Keep the images out while you retype all of the data exactly.
═══ Recorded information ═══
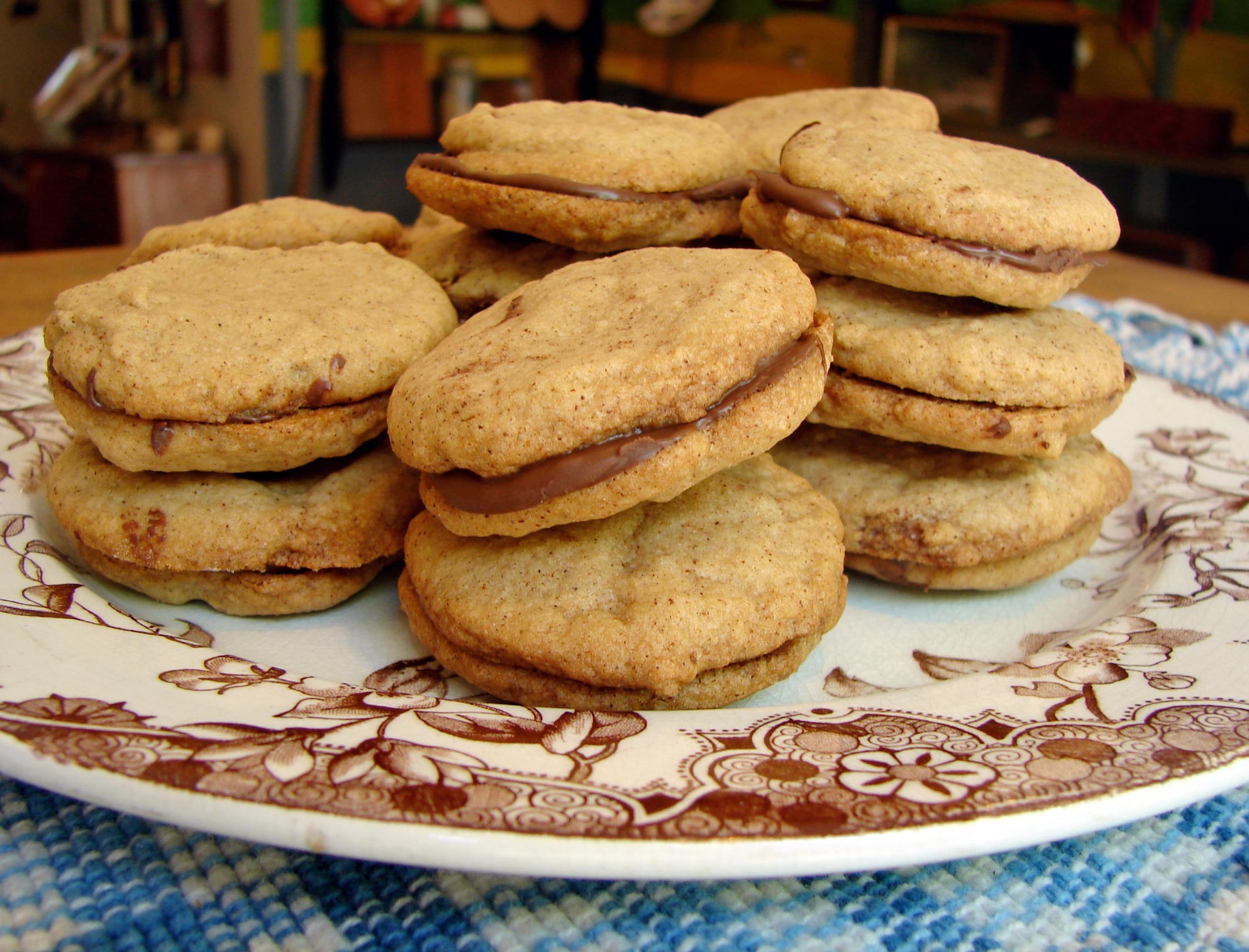 Which brings us back to malt powder. These cookies have almonds, hazelnuts, spices, chocolate chips and malt powder. They are very very crispy. The day I made them was extremely humid, and within an hour they melted. I’ve never seen anything like it! I put them in a warm oven for about 10 minutes, and they came out as crispy as can be. Both the ice cream and the cookies have chocolate chips that I processed for a minute or two, so they’re a little crumbly. Some chips stay whole, some turn to dust, and I like the contrasting textures.I keep drinkin’ malted milk, try’n to drive my blues away
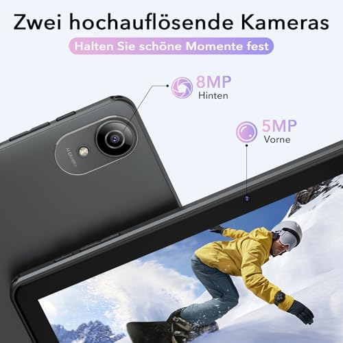 Genießen Sie Ihre liebsten Filme und Spiele auf dem 10,1-Zoll-HD-IPS-Display mit 1280 * 800 Auflösung. Dieses Display bietet breite Blickwinkel und lebendige Farben. Die IPS-Technologie sorgt dafür, dass jeder Blick Spaß masculine Klarheit und Farben. Sie können High-Definition-Inhalte von Plattformen wie Netflix und Amazon Prime Video in höchster Klarheit streamen. Erfassen Sie klarer mit den 5 MP vorderen und 8 MP hinteren Doppelkameras.
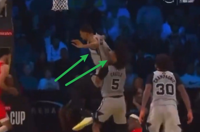 12月15日讯 昨日对雷霆的比赛中,卡斯尔嘴部和鼻子出血+鼻子还塞进了棉花,引发球迷好奇他是怎么受伤的。球迷通过录像里的回放发现,凶手竟是队友文班……文班在一次尝试封盖切特的回合里,挥手不小心打到了卡斯尔的面部,造成了这次受伤。GIF-文班落地时手肘误伤卡斯尔
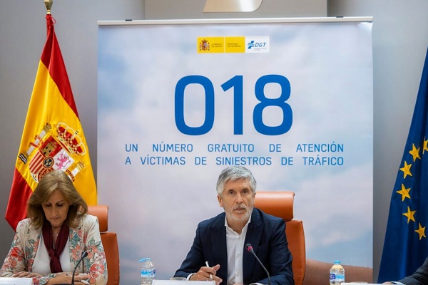 El ministro del Interior, Fernando Grande-Marlaska, ha presentado este jueves en la sede de la Dirección General de Tráfico el 018, un teléfono gratuito, accesible y con cobertura nacional, que atiende en más de cincuenta idiomas, accesible a personas con discapacidad y disponible los 365 días del año entre las 8:00 y las 21:00 horas para ofrecer información, orientación y acompañamiento a víctimas, familiares y personas allegadas ante las dudas o las dificultades que puedan surgir después del siniestro.
═══
Result of the task.
 Which brings us back to malt powder. These cookies have almonds, hazelnuts, spices, chocolate chips and malt powder. They are very very crispy. The day I made them was extremely humid, and within an hour they melted. I’ve never seen anything like it! I put them in a warm oven for about 10 minutes, and they came out as crispy as can be. Both the ice cream and the cookies have chocolate chips that I processed for a minute or two, so they’re a little crumbly. Some chips stay whole, some turn to dust, and I like the contrasting textures.I keep drinkin’ malted milk, try’n to drive my blues away
 Genießen Sie Ihre liebsten Filme und Spiele auf dem 10,1-Zoll-HD-IPS-Display mit 1280 * 800 Auflösung. Dieses Display bietet breite Blickwinkel und lebendige Farben. Die IPS-Technologie sorgt dafür, dass jeder Blick Spaß masculine Klarheit und Farben. Sie können High-Definition-Inhalte von Plattformen wie Netflix und Amazon Prime Video in höchster Klarheit streamen. Erfassen Sie klarer mit den 5 MP vorderen und 8 MP hinteren Doppelkameras.
 12月15日讯 昨日对雷霆的比赛中,卡斯尔嘴部和鼻子出血+鼻子还塞进了棉花,引发球迷好奇他是怎么受伤的。球迷通过录像里的回放发现,凶手竟是队友文班……文班在一次尝试封盖切特的回合里,挥手不小心打到了卡斯尔的面部,造成了这次受伤。GIF-文班落地时手肘误伤卡斯尔
 El ministro del Interior, Fernando Grande-Marlaska, ha presentado este jueves en la sede de la Dirección General de Tráfico el 018, un teléfono gratuito, accesible y con cobertura nacional, que atiende en más de cincuenta idiomas, accesible a personas con discapacidad y disponible los 365 días del año entre las 8:00 y las 21:00 horas para ofrecer información, orientación y acompañamiento a víctimas, familiares y personas allegadas ante las dudas o las dificultades que puedan surgir después del siniestro.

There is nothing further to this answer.